The 10-meter walk test was the preferred procedure for gait analysis, followed by the 30-second standing test for balance evaluation. We presumed that this is partly due to the fact that they are easier to perform with minimal setup to prepare. They are well-researched and validated tests with high reliability [3538]. One study required subjects to record 48 hours of daily physical activity. Daily activities over a prolonged period of time can accurately represent the natural gait and posture for the test subjects. Since it was done using a single sensor setup, only step counts, walking bouts, and postural data were collected, making it hard to take all activities into accurate assessment. It would be interesting to see if multiple sensors can represent daily activities more precisely.

For risk of fall improvement studies, the two using the sensory substitution method applied the same prosthesis. The device provides real-time tactile feedback, and significant improvements of gait and balance was achieved even after 10 minutes of training. The interactive balance training study utilized sensor data for error-dependent training, indicating the real-time feedback-enabled restore of sensory mapping could improve gait and balance. Future studies should investigate the ideal combination of the methods and schematic training techniques.

A rather small number of articles were included in our review. Our paper is focused on articles that expressively selected patients with peripheral neuropathy (PN) as their subjects. We did in fact find quite a large number of current articles on fall prediction and intervention for healthy individuals or the elderly, or patients with Parkinson’s disease. We excluded those articles that did not include clinically diagnosed PN patients. Admittedly, fall risk assessment methods could share a certain level of resemblance among different groups. Due to the fact that PN is unique in its etiology and pathology, gait patterns and fall mechanisms could vary. As a result, the significance and threshold of corresponding assessment tool could differ widely. We believe that methods and thresholds formulated from data collected from other groups (mostly healthy adults) would be of poor value to the future researches on fall risk assessment of patients with PN.

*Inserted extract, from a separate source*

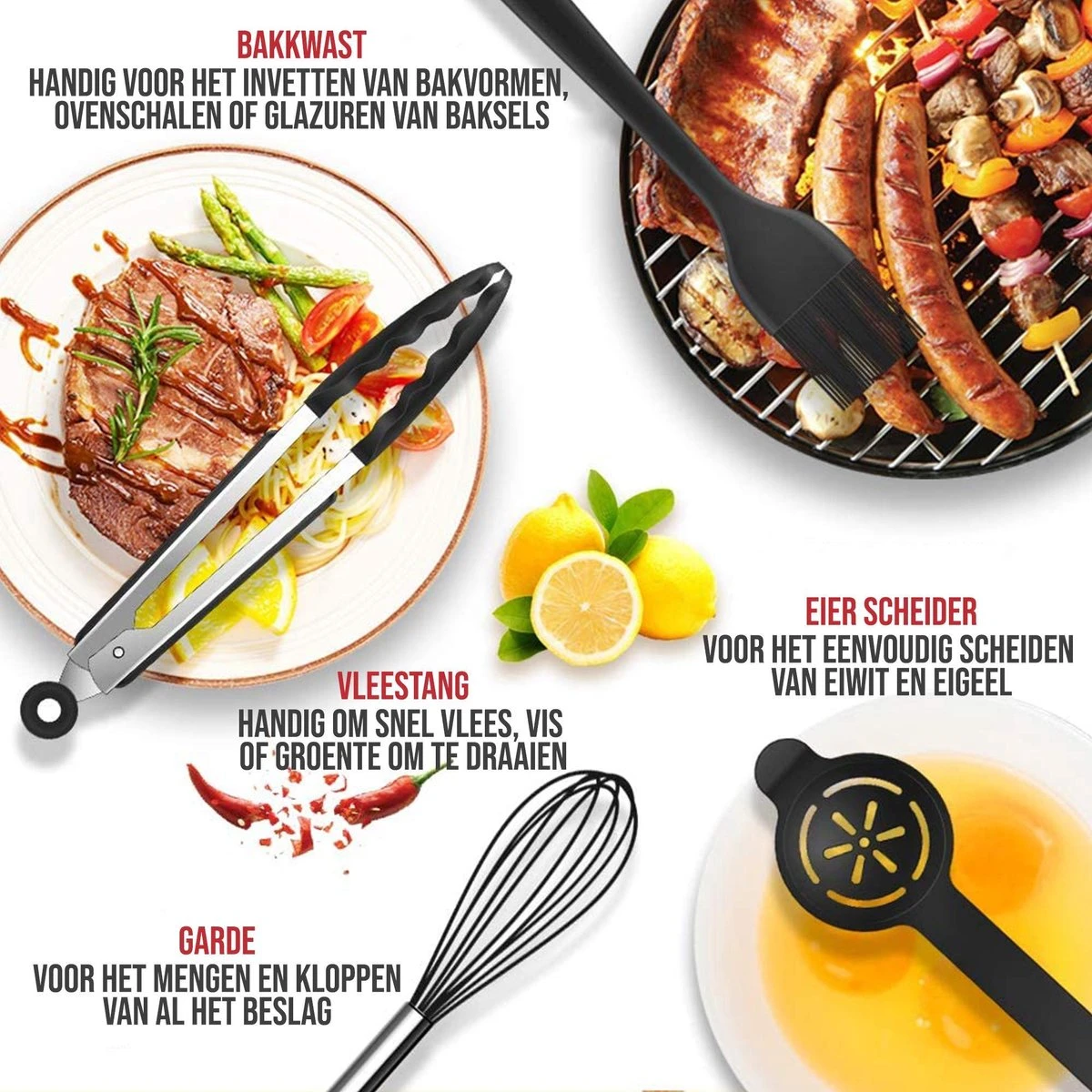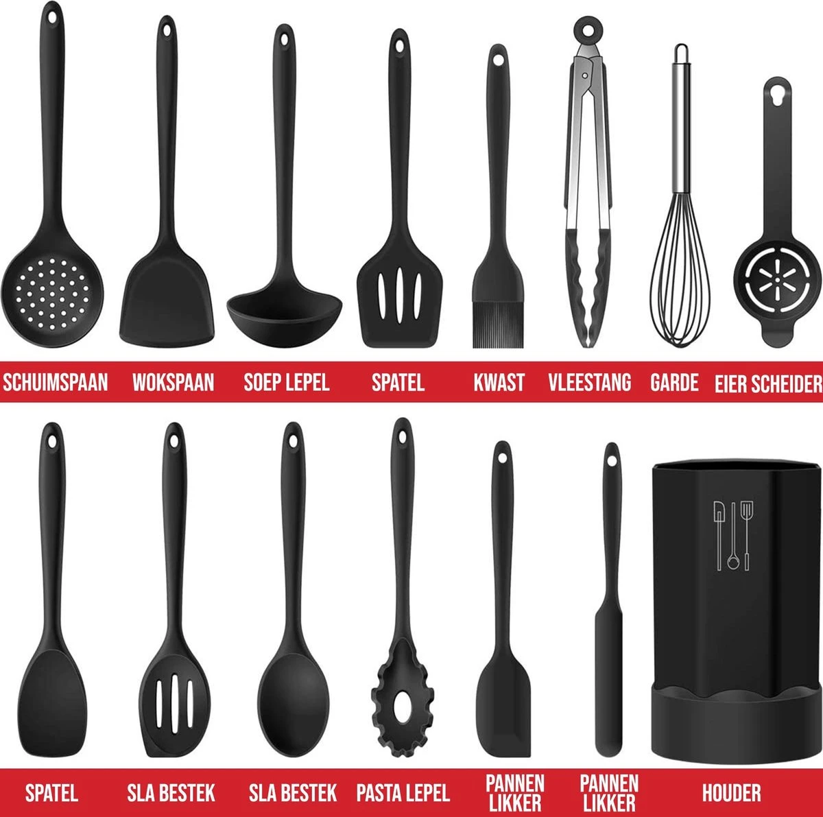 Gek op koken maar mis je de juiste spullen? Deze 15-delige keukengerei set heeft alles wat je nodig hebt! Met hoogwaardig materiaal, een bijgeleverde houder en stijlvol ontwerp transformeer jij jouw keuken met slechts één set. Koken, grillen of toch liever bakken? Deze siliconen set kan écht alles. Lepels, tangen & de fijnste spatels. Dit veelzijdige pakket heeft het allemaal!

As a relatively novel field for risk assessment and improvement, research methods and sensor types used in general fall risk researches could be migrated to that of PN patient. Multiple novel wearable sensors could be put into use. For example, plantar inclinometer, electromyography, and pressure sensor could be promising [39]. Adaptive/dynamic threshold selection is becoming increasingly crucial to provide personalized care [40]. Utilizing the smartphone as an input of integrated sensors has also proved practical [41]. Researchers should also calculate the precision, specificity, accuracy, and F1-measure of the selected methods [42]. Future researches should also focus on applying deep learning algorithms to extrapolate gait patterns of higher fall risk among PN patients [43]. The fusion of multiple sensors is also crucial to negate noises and boost robustness of real-time analysis of fall risks in gait analysis [44]. We would also advocate for more sophisticated and validated sensor systems such as APDM [45] to be utilized by future researches.

5. Conclusions

This review examined several key components in studies on assessing and improving the risk of fall using wearable sensors. We identified the preferred functional test (10-meter walk test), sensor technology (accelerometer), locations (torso and lower legs), and fall risk improvement methods (prostheses). However, due to the limited number of articles specializing in this field of research, a consensus on patient sample size and procedures is not reached. We would recommend future researches to examine more parameters and adopt a fusion sensor setup.

Data Availability

Data are available from PubMed, Embase, Scopus, IEEE Xplore, and Web of Science.

Conflicts of Interest

The authors declare that they have no conflicts of interest.

Authors’ Contributions

Qiyang Pan and Yungu Chen contributed equally to this work.